Perempuan
“Dan segala sesuatu Kami ciptakan berpasang-pasangan supaya kamu mengingat kebesaran Allah.” (Q.S. Az-Zariyat: 49).
Perempuan diciptakan Allah berpasangan dengan lelaki untuk mendampinginya, demikian pula sebaliknya. Perempuan pastilah yang terbaik untuk mendampingi lelaki, demikian juga sebaliknya, karena tidak ada ciptaan Tuhan yang tidak sempurna dalam pontensinya mengemban tugas serta fungsi yang diharapkan darinya.
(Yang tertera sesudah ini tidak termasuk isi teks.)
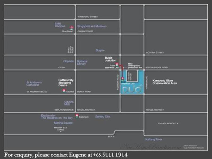 - Good Connectivity – islandwide via MRT and expressways. DUO is served by Bugis MRT station (via direct Underground pedestrian link ways).
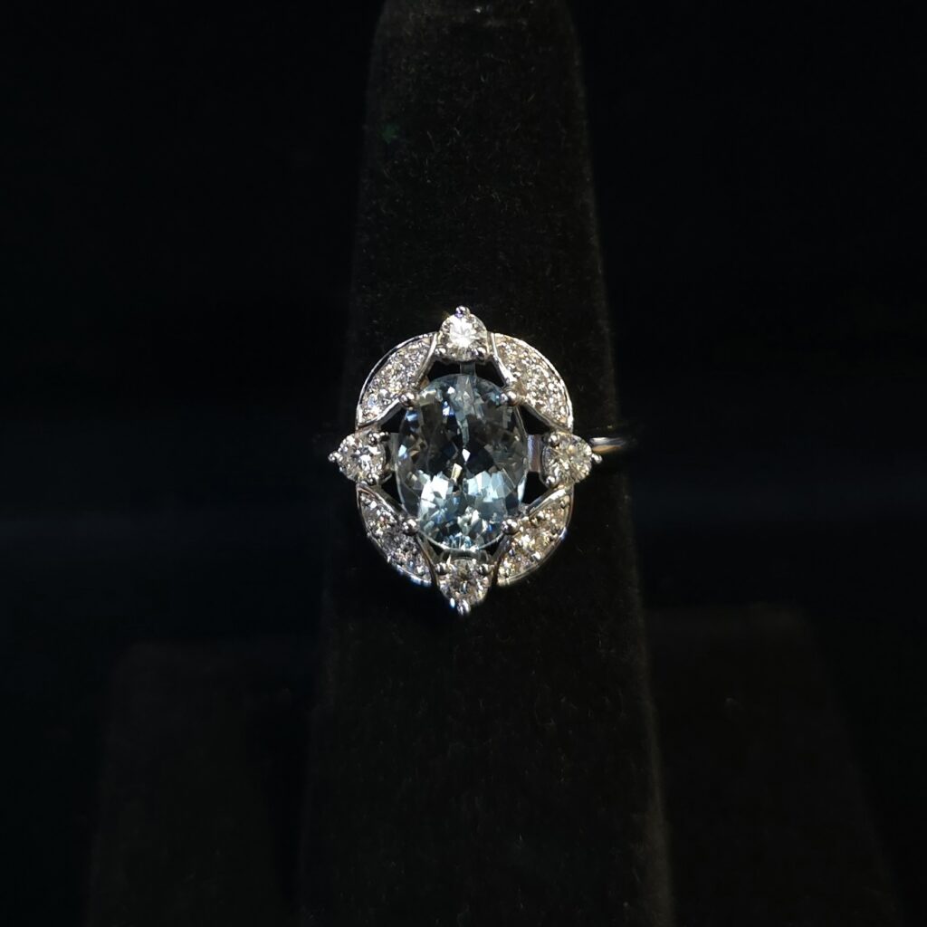 Aquamarine! When you see an aquamarine with a deep blue color, you just have to have it! This gorgeous ring is set in 14Kt white gold and has a 1.92Ct stunning blue oval aquamarine! The aquamarine is accented by .37Ct total weight of diamonds! I don’t think this ring will last very long 🩵! #morethanakiss #atthefarmhouse #newjewelry #aquamarine #aquamarinering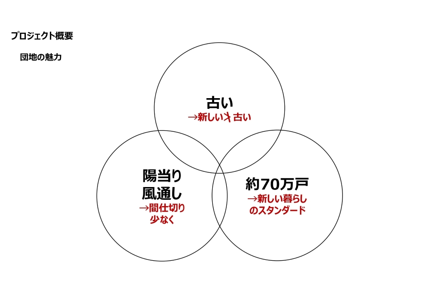 これがとても魅力で、たくさんのお部屋があるということは、新しい暮らしのスタンダードをつくることができると感じました。 団地の陽当たりや風通しについてですが、建設当時はエアコンなどが一般的ではない時代でしたので、とても陽当たりがよかったり、住棟と住棟の間隔をしっかり取って建設されているので、元々団地が持っている魅力をそのまま生かすことができると考えました。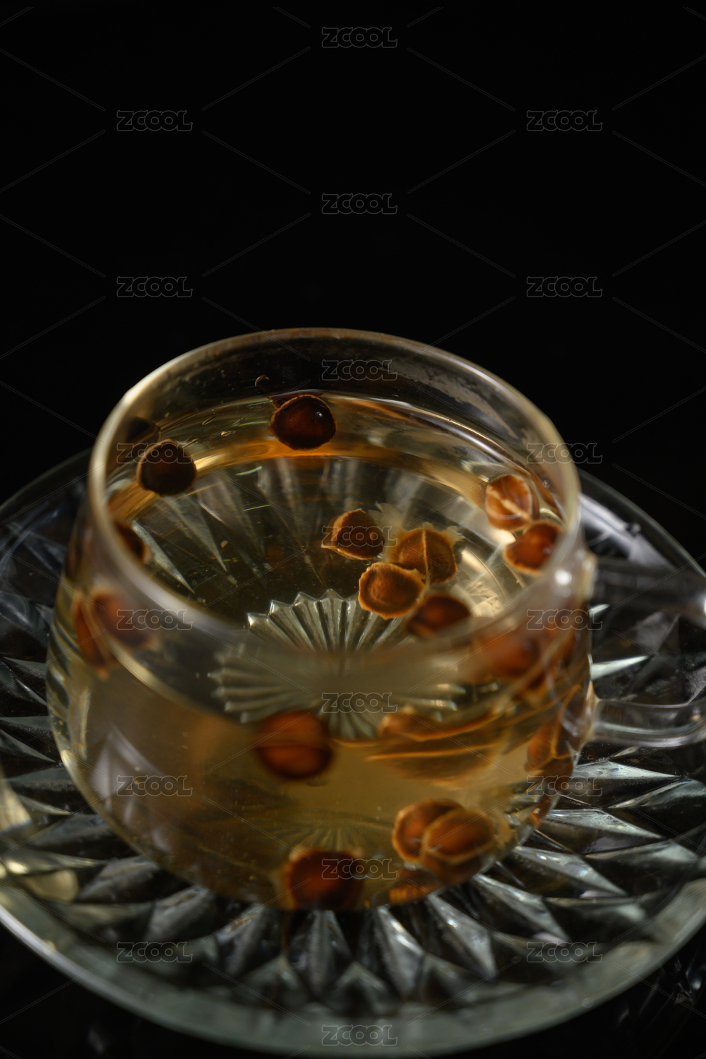桌面上的杯子里的甘甜可口的辣木籽茶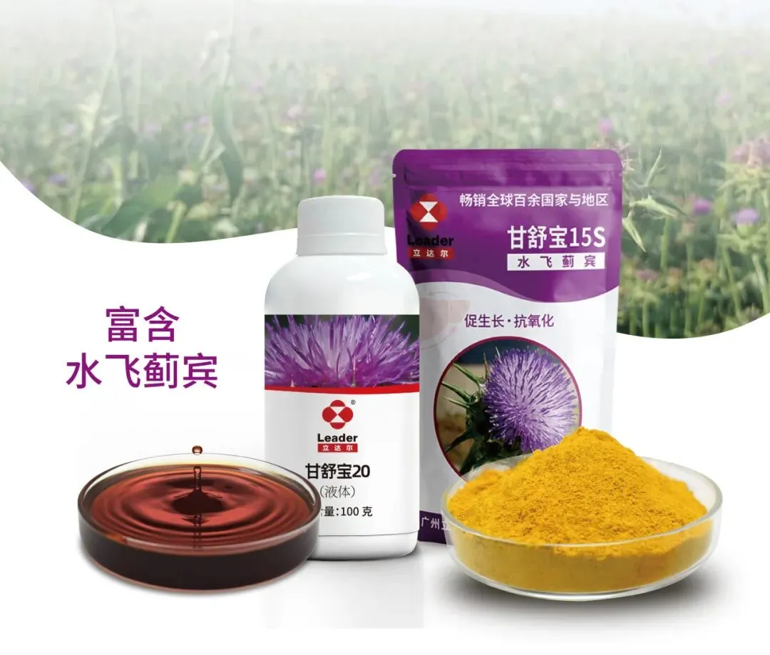 水飞蓟宾是从菊科植物水飞蓟Silybum marianum(L.)Gaertn.中提取所得的一种黄酮木脂素类化合物,具有保护肝脏、促进动物生长、提高机体抗氧化力和免疫力、调控脂质代谢、抗炎等方面的生理活性。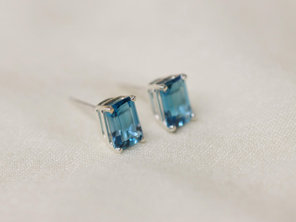 London blue topaz is a unique and deeply enchanting stone, one that completely mesmerizes me. This inky blue color is reminiscent of the mysterious deep ocean, and the facets on these earrings glimmer like breaking waves in the sun. Featured in a timeless setting, this gemstone is a beautiful gift to yourself or others.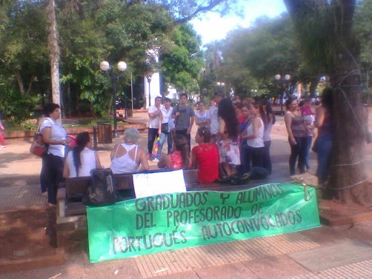 Dar clases e impartir los conocimientos que tienen es lo que buscan los profesores y alumnos de las carreras de portugués de Misiones, pero hacerlo es cada vez más difícil ya que en la provincia no están implementadas las leyes 26.468 y 26.206 que establecen la obligatoriedad del idioma portugués en el nivel primario y secundario. Entonces, cansados de esperar, egresados y alumnos de la carreras se autoconvocaron y se manifestaron para pedir, nada más y nada menos, el cumplimiento de la ley.“Nos autoconvocamos en la plaza 9 de Julio para solicitar la implementación inmediata de la ley 26.468 de educación y la 26.206 que establece la obligatoriedad del idioma portugués tanto en el nivel primario como en el secundario en la provincia de Misiones. Buscamos que se apliquen estas leyes que se establecieron en 2006 y 2009 para la enseñanza del portugués y todavía no se han implementado”, explicó Soledad Neis, profesora de portugués, en diálogo con PRIMERA EDICIÓN.Como son pocas las instituciones de la provincia que cuentan con horas creadas para enseñar portugués, los egresados de la carrera se encuentran con contados ámbitos en los cuales insertarse laboralmente.“La gran mayoría de los egresados nos encontramos de suplencia en suplencia o desempleados sin carga horaria por el hecho de que no hay creaciones de cargo. Son muy pocas las escuelas dentro de la provincia que tienen al portugués dentro de la currícula como lengua específica”, advirtió Neis.Entonces, tanto los egresados como los alumnos, se autoconvocaron en la plaza 9 de julio y se dirigieron al Consejo General de Educación (CGE) con la intención de concertar una reunión con alguna autoridad educativa que les pueda brindar una solución al problema con el que se enfrentan. “Debería haber un convenio con el CGE, pero como las autoridades superiores no toman las medidas necesarias, nosotros como egresados decidimos reunirnos y exigir que se respeten nuestros derechos”. Así fue como consiguieron una audiencia con Mauricio Maidana, presidente del CGE, para el próximo 3 de marzo, después de las 12 del mediodía. Allí, hablarán sobre su situación. Más de 300 egresadosLas dos instituciones educativas que brindan la carrera son la Universidad Nacional de Misiones (Unam) desde 2003 y el Instituto Saavedra desde 2012. En ambas instituciones han egresado cerca de 300 profesores, con poco espacio para ejercer su vocación en la actualidad debido a que no se implementan en la provincia dos leyes sancionadas. “Nuestro reclamo es con la intención de tener un lugar para trabajar. Porque detrás de cada uno de los egresados hay una familia que se esforzó para que un egresado estudie y, con el título, puede tener trabajo, pero debido a esto, ahora se encuentra en el veremos. Por eso venimos hasta la plaza, a pedir el respeto a las leyes y también el respeto de nuestro derecho como profesionales de la educación”, finalizó Neis.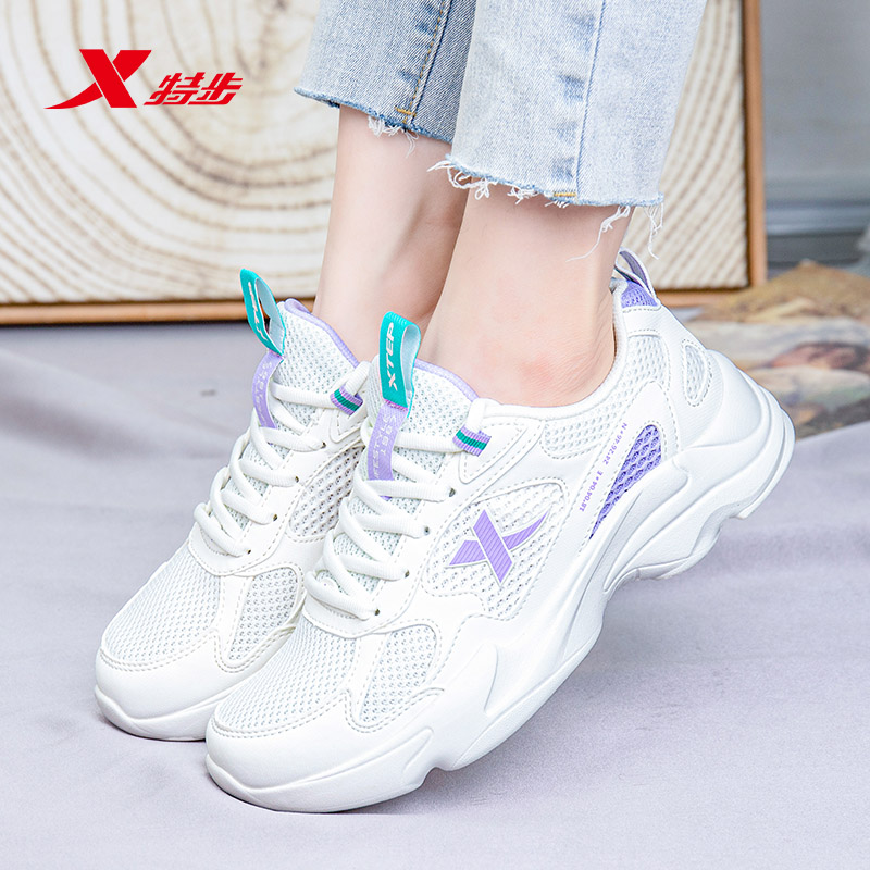 特步女鞋运动鞋网面透气老爹鞋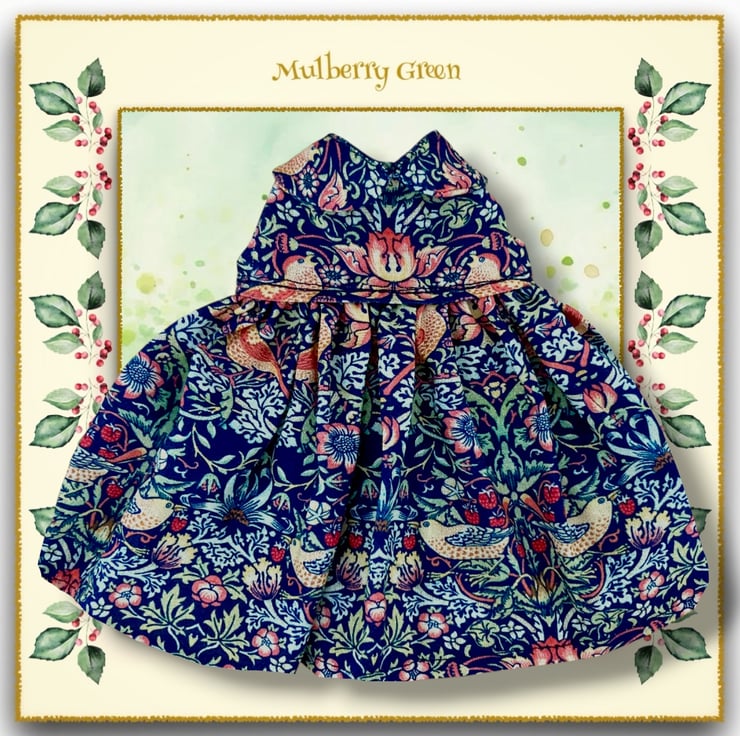 A lovely navy blue dress in William Morris Strawberry Thief fabric.The dress is handmade from best quality cotton, has a lined bodice and fastens at the back with a little popper

Tanpa perempuan masa muda lelaki menjadi gersang, masa matangnya menjadi hampa, dan masa tuanya menjadi penyesalan.
Allah menciptakan perempuan – baik sebagai istri, ibu, atau anak – untuk dicintai dan dihormati, demikian pula sebaliknya.
Nabi Muhammad saw., bersabda: “Dicintakan oleh Allah buat aku dari apa yang terhidang di dunia ini, perempuan dan wewangian…” “Tidak ada yang menghormati perempuan kecuali seorang terhormat dan tidak ada yang menghinanya kecuali yang bejat.”
Mencintai perempuan adalah salah satu aspek fitrah manusia, dan karena itu semua rincian tuntunan Al-Qur’an dan Sunnah menyangkut perempuan, bahkan manusia, tercermin melalui prinsip di atas.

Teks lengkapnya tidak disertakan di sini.